I remember reading a news story once that claimed Lita had nothing more than a tenth-grade education. That hadn’t slowed her down, because with natural intelligence and street guile she’d served up a lot of trouble for the LAPD.
Hitch and I took two short steps into the kitchen so we could view the crime scene but stayed well back from the body. The victim was lying on the floor and, in death, no longer seemed as formidable. She just looked shriveled and sad. It was still hard to believe she was dead.
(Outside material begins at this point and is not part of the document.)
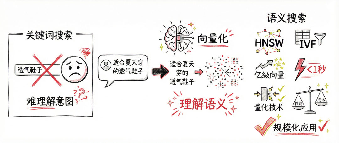 当用户输入适合夏天穿的透气鞋子时,传统关键词搜索很难理解这个需求背后的真实意图。通过向量化技术,系统能够理解查询的语义,召回那些描述方式不同但含义相关的商品。

I saw that the “Chalk Fairy” had been here. Patrol officers all carry chalk to mark the pavement during traffic investigations. Occasionally, on murder scenes, they develop the unreasonable urge to draw an outline around the body before detectives arrive. This is in violation of all the rules of a homicide investigation, starting with disturbing the crime scene and up to and including potentially leaving the patrol officer’s own trace evidence on the victim, which can end up sending us on a search for a red-haired killer when the hair actually belonged to the responding officer.